Build Log · April 2026

Building a RAG chatbot that sounds like me.

A technical build log for the chatbot on this site — how it works, why I built it, what I learned, and the feedback loop that makes it better over time.

0
retrieval chunks
0
Medium essays ingested
0
components in the stack
0
/mo operating cost

Why build this?

I lead Business and Industry Copilots at Microsoft. Shipping AI products is what I do. Shipping one on my own site — grounded in my own writing, with a feedback loop I control — felt like the most honest portfolio piece I could produce. Four goals drove the build.

1

Answer real questions

Visitors ask natural questions about my background. A resume can't do that. LinkedIn can't either. A grounded chatbot can — if it's retrieving from material I actually wrote.

2

Surface my writing

I've published 120+ essays on Medium about AI product craft. Most visitors never click through. A bot that cites my posts in-conversation, with a link, surfaces the work where readers already are.

3

Eat my own dogfood

I sell AI products to enterprises. Shipping one myself — end-to-end, on a $0/month budget — forces every design decision to be defensible and gives me ground truth I can speak from.

4

Build a learning loop

Every visitor question is logged. I review them weekly, answer the gaps in a curated FAQ, and redeploy. The bot gets measurably better at the questions it gets asked. That loop is the product.

System architecture

Two runtime paths and one publishing path. The runtime answers questions; the publishing path is how I add new knowledge to the corpus. Keeping them separate lets each stay simple.

System architecture diagram Browser chatbot-ui.js streaming SSE Netlify Functions /api/chat (SSE stream) /api/admin/questions retrieval + confidence Bearer-token admin Groq (Llama 3.3) answering LLM HF Inference bge-m3 embeddings public/vectors.json 1,130 chunks · cosine in JS Netlify Blobs telemetry store content/ resume, FAQs, Medium, press, projects npm run build-index chunk (marked) embed (bge-m3) entity tag (Phi SLM) git commit + push Netlify redeploys live site new citations RUNTIME PATH · every visitor question PUBLISHING PATH · how new knowledge enters the bot weekly review → new FAQ entry
Runtime — per-request Publishing — on content change Static asset / data

On the runtime path, a visitor's question hits /api/chat, a Netlify Function embeds it via Hugging Face, finds the most relevant chunks in vectors.json, passes them to Groq's hosted Llama 3.3 70B, and streams the answer back as Server-Sent Events. The publishing path is deliberately disconnected from runtime — I edit markdown locally, run the indexer, and push. Netlify redeploys and the new knowledge is live. No database. No admin CMS. Just files, git, and two Netlify Functions.

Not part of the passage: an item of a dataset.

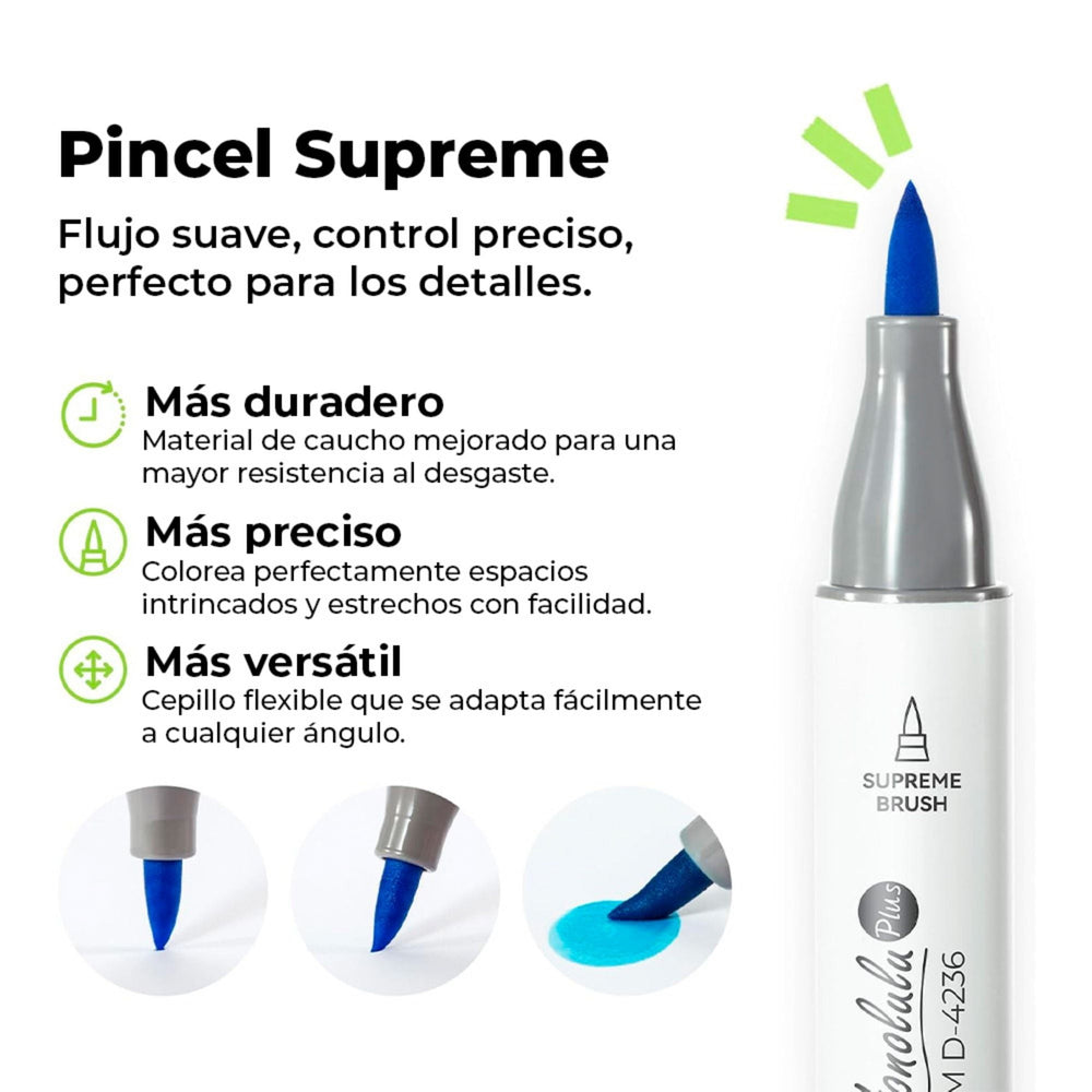 Descubre la Serie Honolulu Plus de Ohuhu que te ofrece marcadores con doble punta para que tengas por un lado, una punta pincel flexible🖌️que se adapta a cualquier ángulo para detalles finos y trazos expresivos, y por otro, una punta biselada, ✍️ perfecta para cubrir áreas grandes con uniformidad y textura. Además, incluye un blender incoloro para mezclas suaves y un práctico estuche 🎒 que mantiene todo organizado y siempre a mano.

How RAG actually works here

Retrieval-Augmented Generation is a simple idea with a lot of implementation surface. Here's what actually runs every time someone asks the bot a question, step by step, with the tradeoffs I made at each layer.

1
Guardrail
PII / off-topic filter
2
Embed
bge-m3, 1024-dim
3
Retrieve
cosine top-5
4
Generate
Llama 3.3 70B
5
Score
confidence composite
6
Stream + log
SSE + telemetry

Embedding — turning text into coordinates

When a visitor asks "What is Sam's view on AGI?", the first step is turning that question into a vector — a list of 1,024 floating-point numbers that represents the question's meaning in high-dimensional space. I use bge-m3, an Apache-2.0 embedding model hosted on Hugging Face Inference (free tier). It's state-of-the-art on retrieval benchmarks and multilingual by default. The model was selected for license clarity first and benchmark strength second.

Every piece of content I've ingested — resume, FAQs, Medium essays, press features, project pages — was embedded the same way during a one-time offline indexing pass. The result is a single 36 MB file, vectors.json, containing 1,130 chunks with their vectors and metadata. The chatbot function reads this file once per cold start and keeps it in memory.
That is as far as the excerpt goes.